Our goal is to come up with a confidence interval (a,b) that we can be 90% sure contains \mu.


Our interval takes the form of ( \bar{x} - z \sigma, \bar{x} + z \sigma ) as \bar{x} is our best guess at the middle of the interval. We have to find the z that gives us 90% of the area of the bell in the "middle".


Since we're given the standard deviation of the true distribution we don't need a t distribution or anything like that. n=45 is big enough (more than 30 or so) that we can substitute the normal distribution for the t distribution anyway.


Usually the questioner is nice enough to ask for a 95% confidence interval, which by the 68-95-99.7 rule is plus or minus two sigma. Here it's a bit less; we have to look it up.
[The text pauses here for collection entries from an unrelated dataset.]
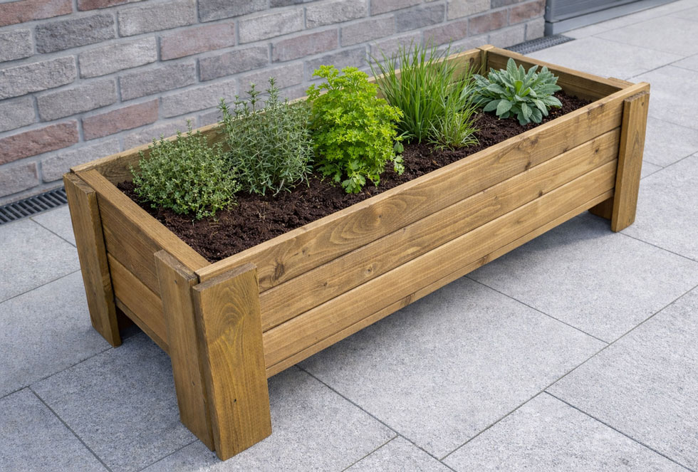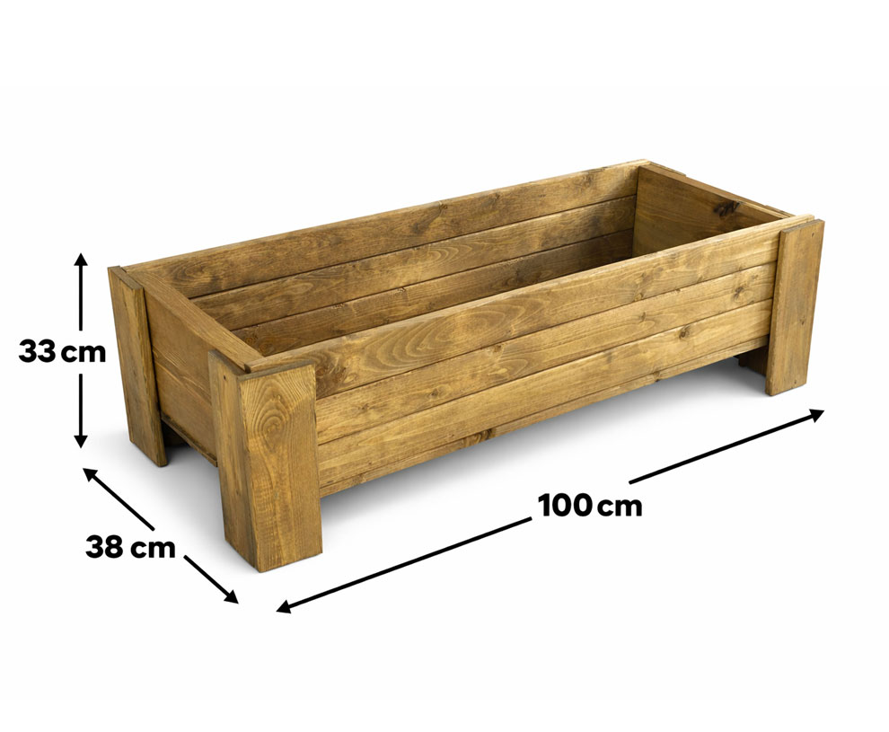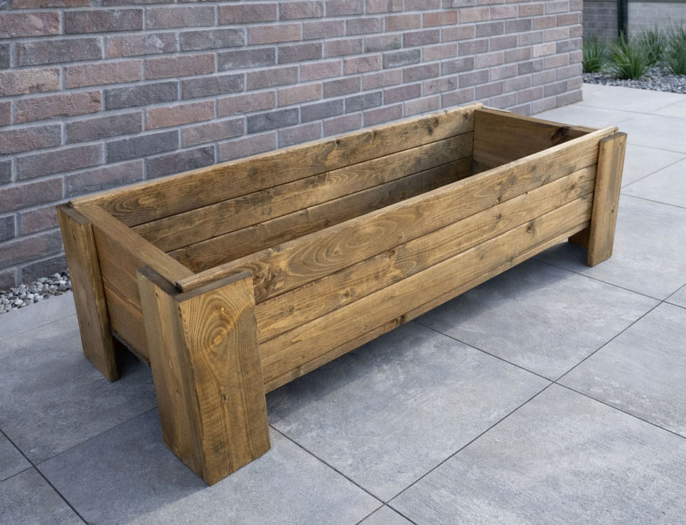 This outdoor rustic raised wooden trough planter is designed to enhance the beauty of any outside area . Tan brown Weather-shield wood stain protects timber from the elements making it a focal point in any garden or patio area. Comes Fully Assembled. Designed and handmade in Great Britain.
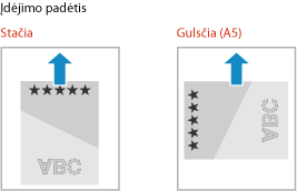 Įdėkite dokumentą logotipo puse, ant kurios spausdinsite, į viršų.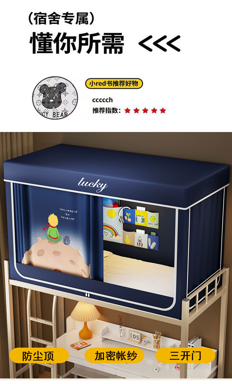 (总)宜品雅 2025新款学生款宿舍遮光蚊帐,藏蓝色,淡雅灰,米色,深空灰,天空蓝,樱花粉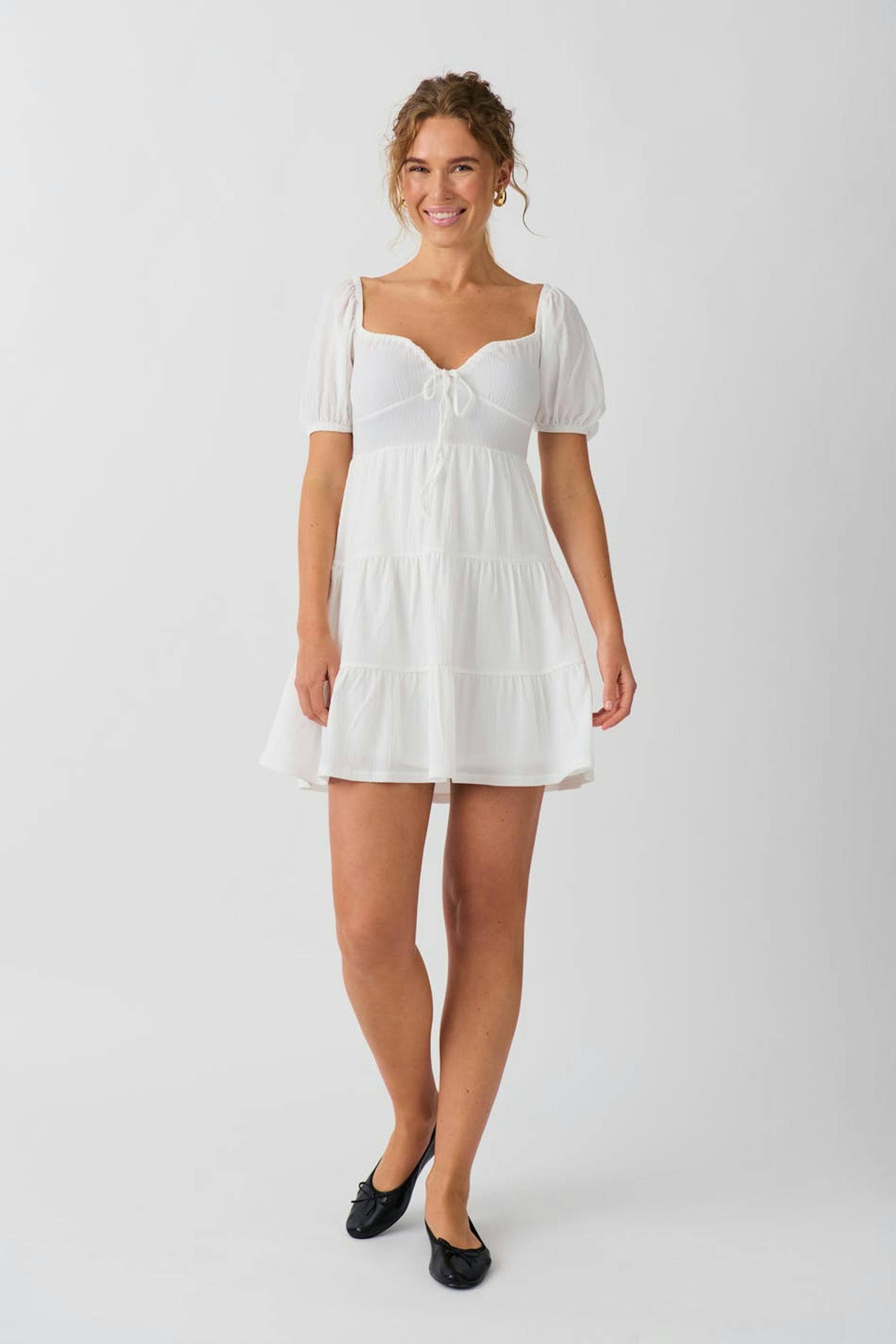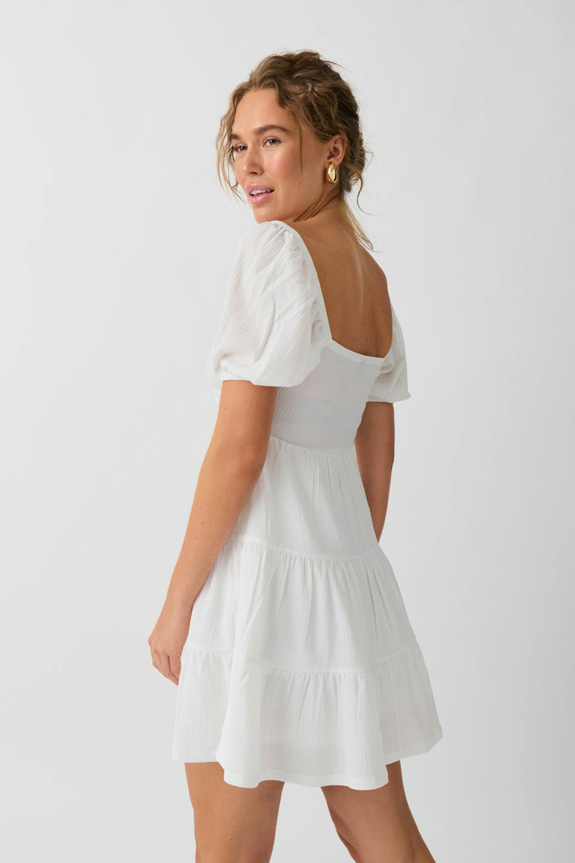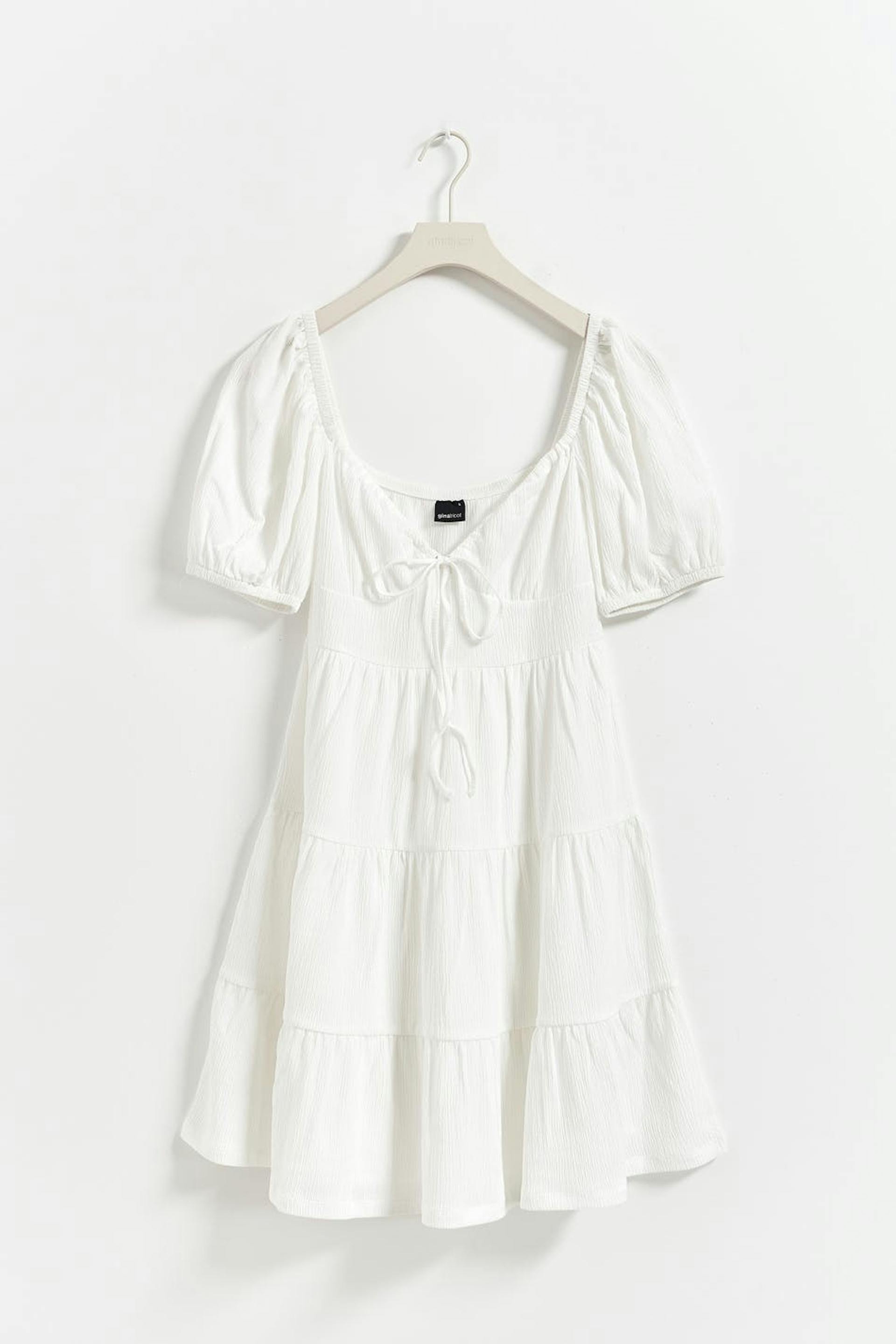 Kurzes Kleid aus Jersey mit Rüschen-Details an der Unterkante. Das Kleid ist weiβ und hat Selbstbindung vorne. Es hat normale Passform, V-Ausschnitt, kurzen Puffärmel und Gummiband an den Ärmelenden und um die Schultern herum.

With the right table or computer we find z that corresponds to a probability p=.90 the integral of the unit normal from -z to z. Unfortunately these tables come in various flavors and we have to convert the probability to suit. Sometimes that's a one sided probability from zero to z. That would be an area aka probability of 0.45 from 0 to z (the "body") or a probability of 0.05 from z to infinity (the "tail"). Often the table is the integral of the bell from -infinity to positive z, so we'd have to find p=0.95 in that table. We know that the answer would be z=2 if our original p had been 95% so we expect a number a bit less than 2, a smaller number of standard deviations to include a bit less of the probability.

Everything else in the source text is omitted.